* [WHAT YOU NEED TO DO]: Every entry gets copied exactly. No images go into the copy.

* [MATERIAL SUPPLIED]:
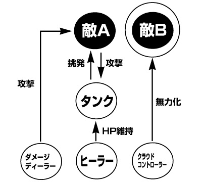 | 「タンク」は敵を挑発して引きつけ,「ヒーラー」はタンクのヘルスを守る。「ダメージディーラー」は敵に襲われないように注意しつつ攻撃を加える。「クラウドコントローラー」は余分な敵を無力化することで戦いをコントロールする |
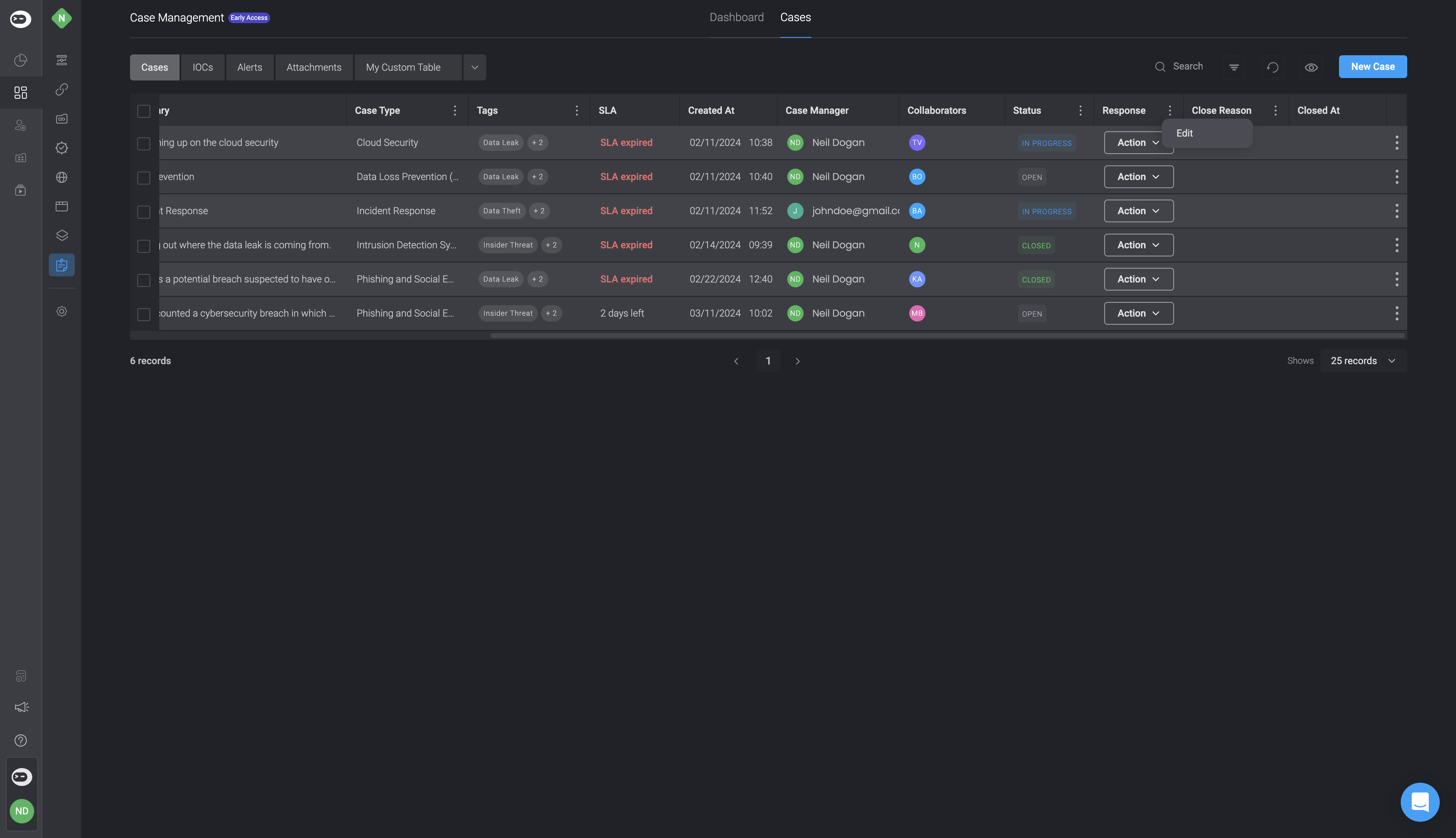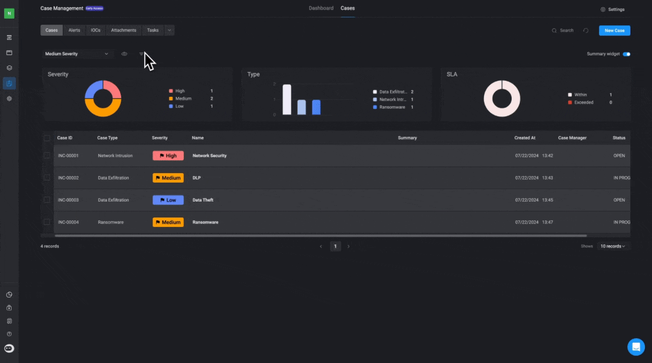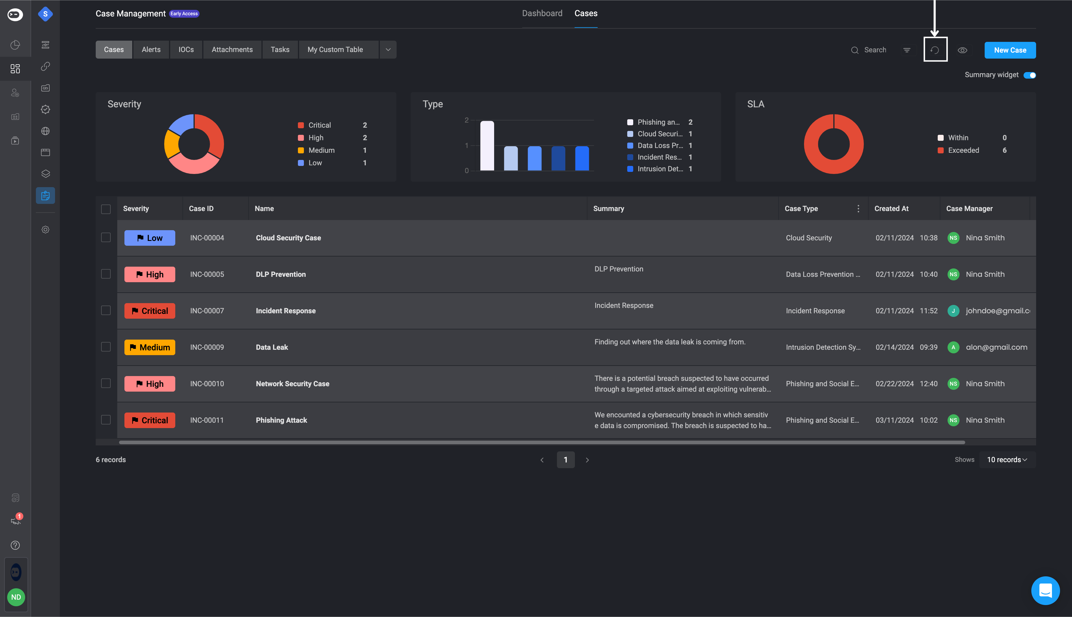 The Case Management interface includes multiple interconnected tables, Cases, Alerts, Attachments, Observables, and Tasks, each designed to help you track and respond to security incidents with precision. This section of the documentation explains the universal features available across all tables in the Case Management interface. Regardless of which table you are viewing, you can access the same set of management tools to organize, filter, and take action on records efficiently.
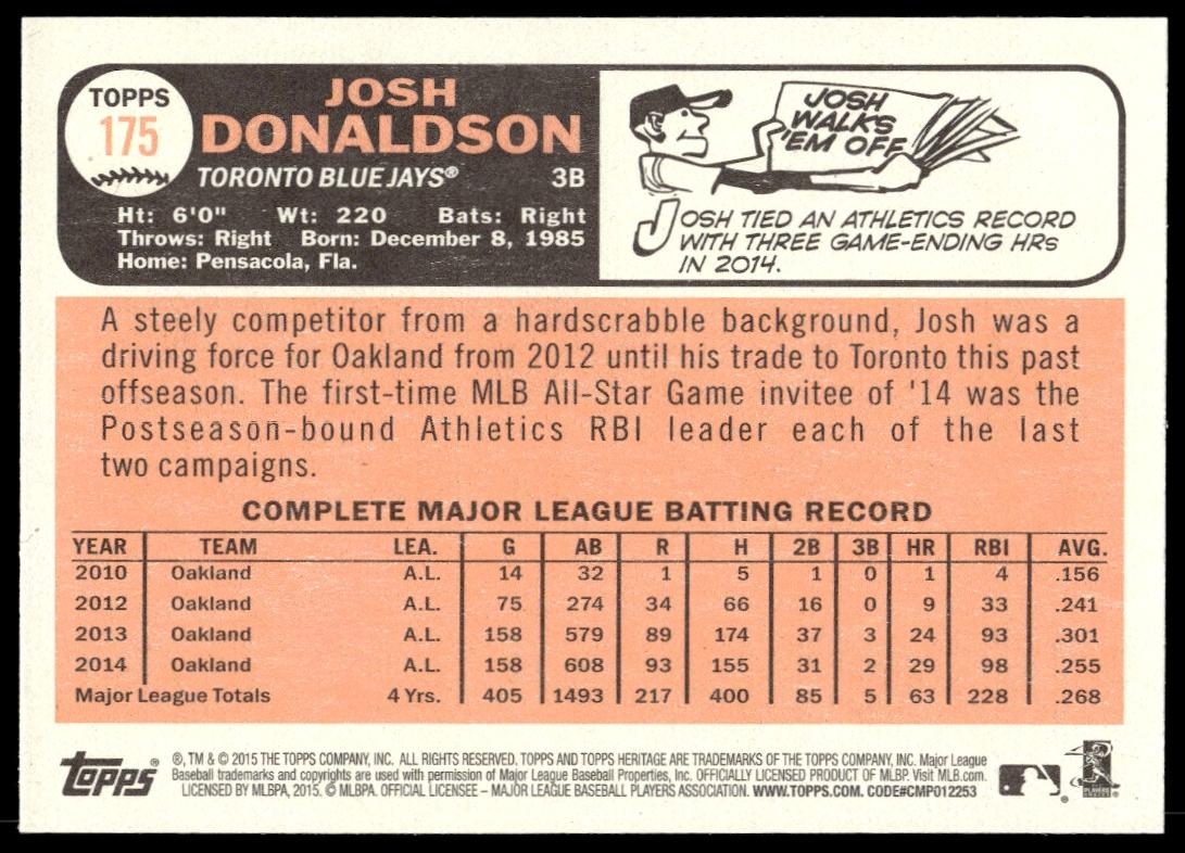 This BaseballΒ card, from 2015 is part of the Topps ChromeΒ card set. Josh Donaldson is featured and has a card number of 175.
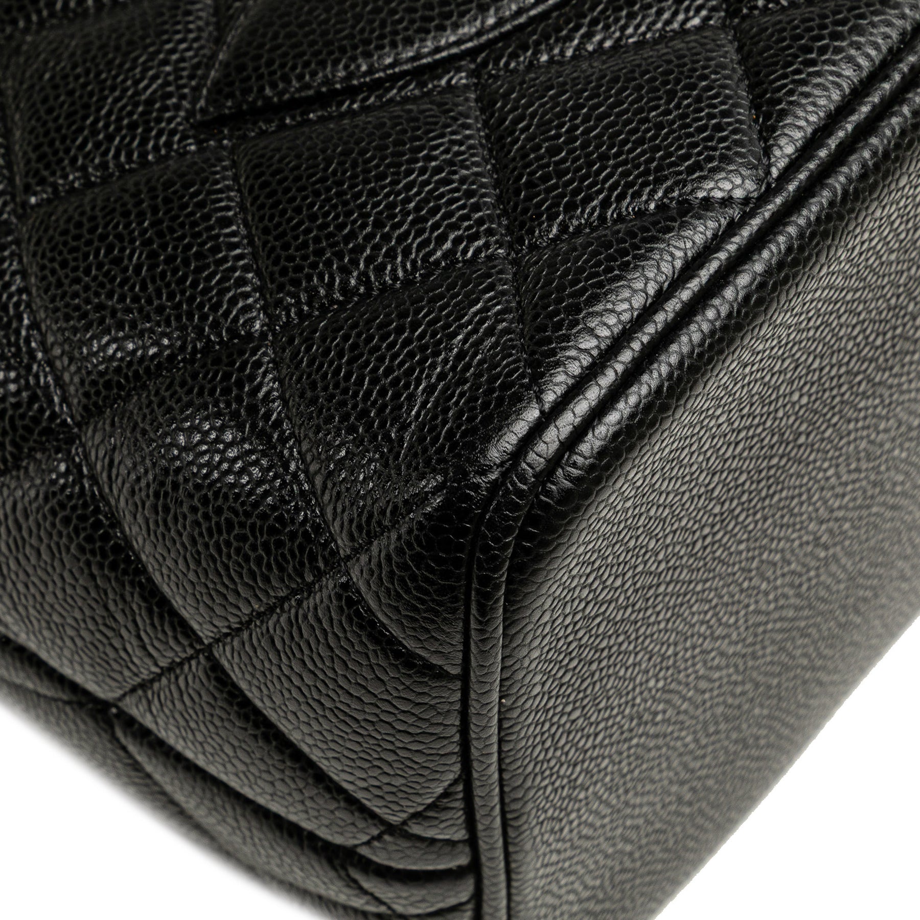 Le sac cabas Medallion est confectionné en cuir caviar matelassé et possède des anses roulées en cuir, une fermeture zippée sur le dessus, une poche plaquée extérieure au dos, ainsi que des poches intérieures zippées et plaquées. Il est en bon état.
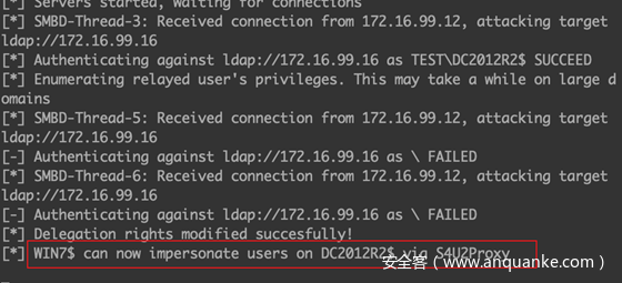 - Relay 到域控dc2016的Ldap 服务器并添加基于资源的约束委派
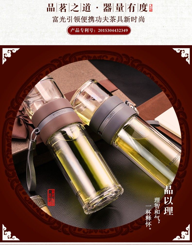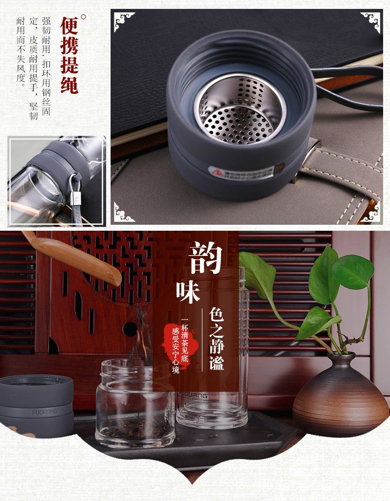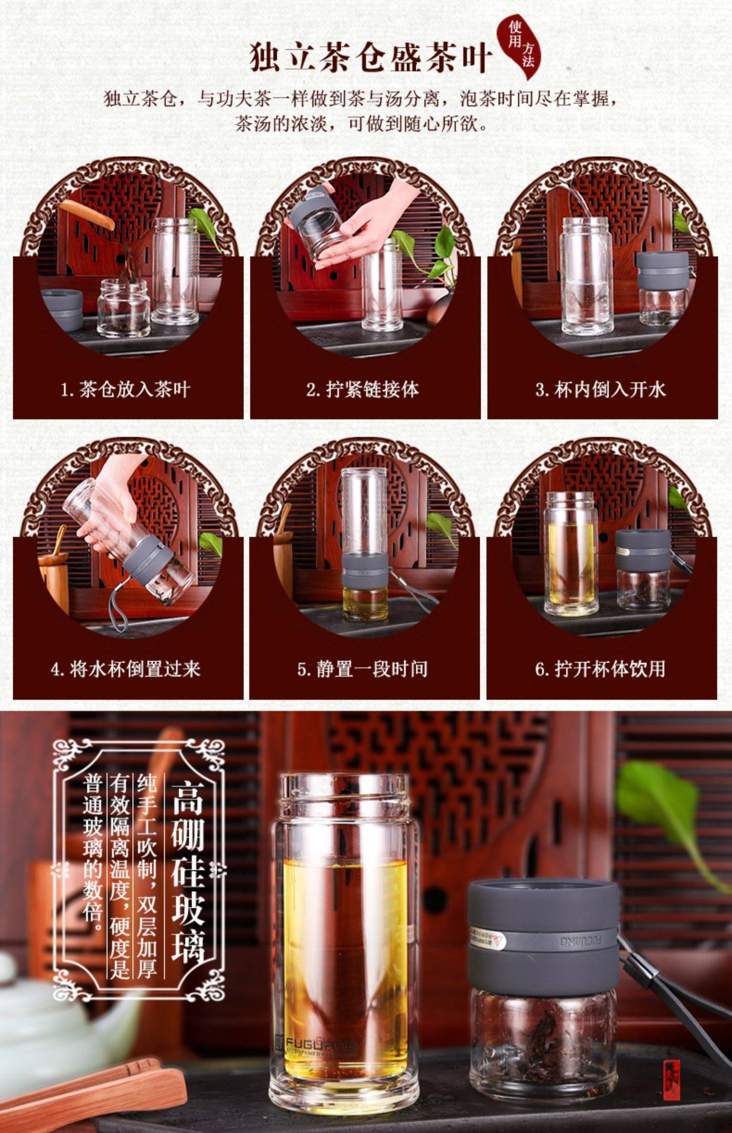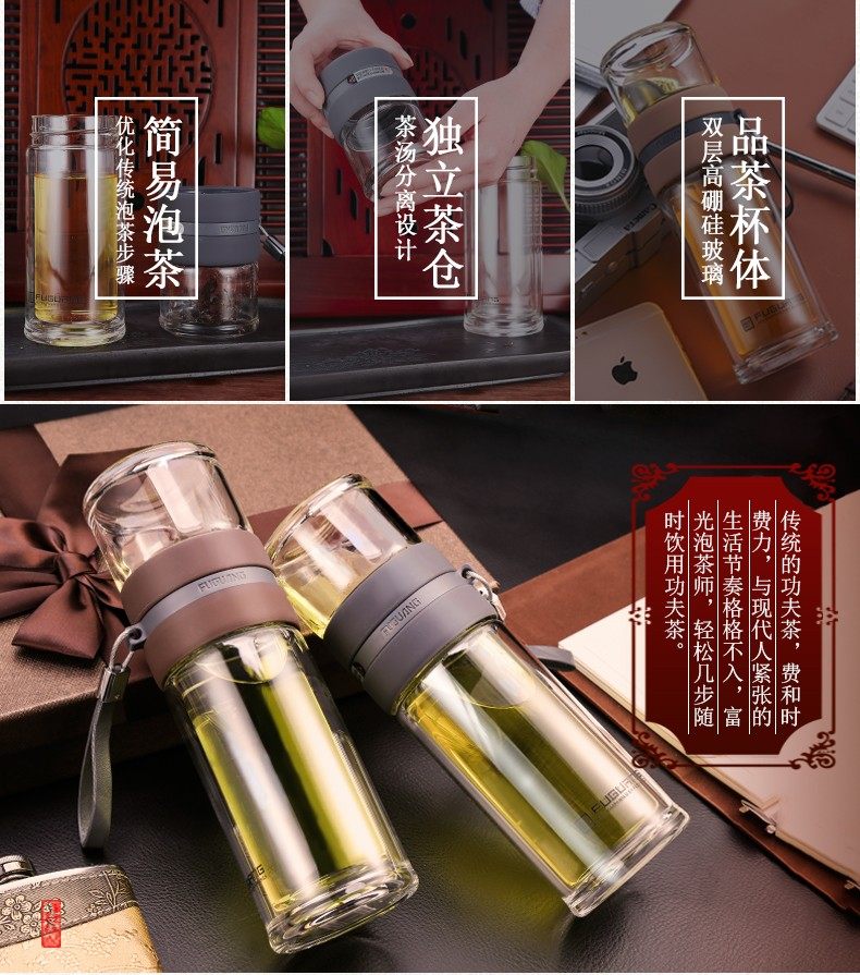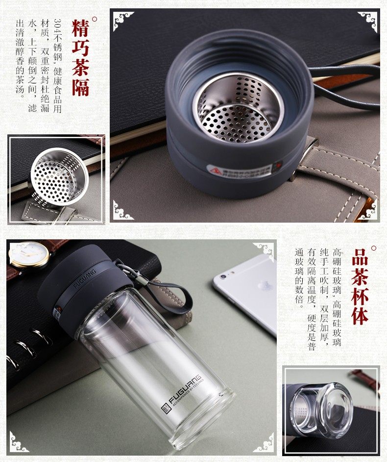Fuguang Tea Water Separation Tea Cup Double-Layer Glass Cup with Tea Compartment High-End Portable Large Capacity Water Cup for Men and Women

* [RESULT FOR THIS TASK]:
 | 「タンク」は敵を挑発して引きつけ,「ヒーラー」はタンクのヘルスを守る。「ダメージディーラー」は敵に襲われないように注意しつつ攻撃を加える。「クラウドコントローラー」は余分な敵を無力化することで戦いをコントロールする |
 The Case Management interface includes multiple interconnected tables, Cases, Alerts, Attachments, Observables, and Tasks, each designed to help you track and respond to security incidents with precision. This section of the documentation explains the universal features available across all tables in the Case Management interface. Regardless of which table you are viewing, you can access the same set of management tools to organize, filter, and take action on records efficiently.
 This BaseballΒ card, from 2015 is part of the Topps ChromeΒ card set. Josh Donaldson is featured and has a card number of 175.
 Le sac cabas Medallion est confectionné en cuir caviar matelassé et possède des anses roulées en cuir, une fermeture zippée sur le dessus, une poche plaquée extérieure au dos, ainsi que des poches intérieures zippées et plaquées. Il est en bon état.
 - Relay 到域控dc2016的Ldap 服务器并添加基于资源的约束委派
Fuguang Tea Water Separation Tea Cup Double-Layer Glass Cup with Tea Compartment High-End Portable Large Capacity Water Cup for Men and Women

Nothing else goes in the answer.